Selon Guba et Lincoln (1994) ainsi que Tashakkori et Teddlie (1998), les positivistes percevraient la réalité comme étant composée de faits singuliers vérifiables. Selon cette orientation épistémologique, le chercheur et l’objet de recherche sont indépendants l’un de l’autre, ce qui aurait pour conséquence que la recherche n’est aucunement influencée par les valeurs individuelles et collectives. Ainsi, la généralisation des résultats serait possible, et ce, peu importe le contexte entourant la situation puisque les causes et les effets de chaque phénomène sont identifiables et isolables ou, comme le précise Fortin (2006), prévisibles et contrôlables. En fait, le positiviste chercherait l’existence d’une relation constante entre des événements ou des variables, tel que précisé par Robson (2002). Il semble alors que les positivistes favorisent une logique déductive ainsi que des méthodes quantitatives, s’inscrivant alors dans un courant de pensée à l’intérieur duquel prônent l’objectivité et la vérifiabilité des résultats. Bien que le positivisme n’exclue pas systématiquement les recherches à caractère qualitatif et inductif, il semble toutefois difficile d’arrimer cette position épistémologique à la présente recherche.
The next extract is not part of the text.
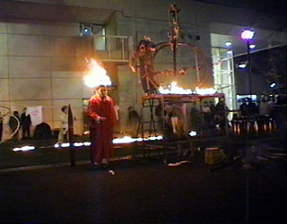 日本の場合、火を使ったり裸体をさらすパフォーマンス・アーティストはなかなか場所がない。が、とわたしは思った——大学にはある種の「自治」があるはずだから、キャンパスでそういうパフォーマンスを演ってもらうのはどうか、と。このアイデアは、アーティストにとっても、また学生にとっても非常に刺激的で、アーティストは、外国では自由に演れたが国内ではやりにくいことができるというので喜んだ。学生は準備に参加し、助演者になる者もいた。映像学科の学生なので、ビデオ撮影の格好の被写体を得られたことに興奮しもした。しかし、こうした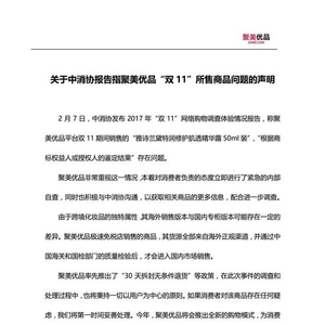 2月7日,中消协发布2017年“双11”网络购物调查体验情况报告,称聚美优品平台“双11”期间销售的“雅诗兰黛特润修护肌透精华露50ml装”,“根据商标权益人或授权人的鉴定结果”存在问题。

Quant aux constructivistes, ceux-ci prétendent que la réalité est constituée de multiples construits sociaux (ou réalités multiples), faisant en sorte que le chercheur et l’objet de recherche soient indissociables, tel que précisé par Guba et Lincoln (1994) ainsi que

Tashakkori et Teddlie (1998). De plus, Robson (2002) et Thietart (2007) affirment que les résultats d’une recherche s’inscrivant dans le courant constructiviste ne pourraient être interprétés sans tenir compte des valeurs des individus. Fortin (2006) précise également que le contexte distinct de chaque situation risque de rendre la généralisation des résultats impossible, d’autant plus que les causes et les effets d’un phénomène ne pourraient être clairement distingués en raison de leur caractère unique et non prévisible. Dès lors, une logique inductive ainsi que des méthodes qualitatives devraient être employées dans le but de comprendre le sens des construits sociaux définissant la réalité de laquelle émanent ces phénomènes. Pour sa part, Malmi (2010) résume le constructivisme à une logique inductive, de laquelle émergent de nouvelles propositions, et même de nouvelles théories, basées sur les données empiriques recensées. En ce sens, le paradigme constructiviste cadre avec les objectifs de la présente recherche qui consistent à décrire et comprendre les techniques d’évaluation financière du capital humain, et ce, du point de vue des acteurs qui les utilisent. L’atteinte de ces objectifs passe alors inévitablement par la compréhension des construits sociaux qui sous-tendent les techniques d’évaluation utilisées dans le domaine pratique.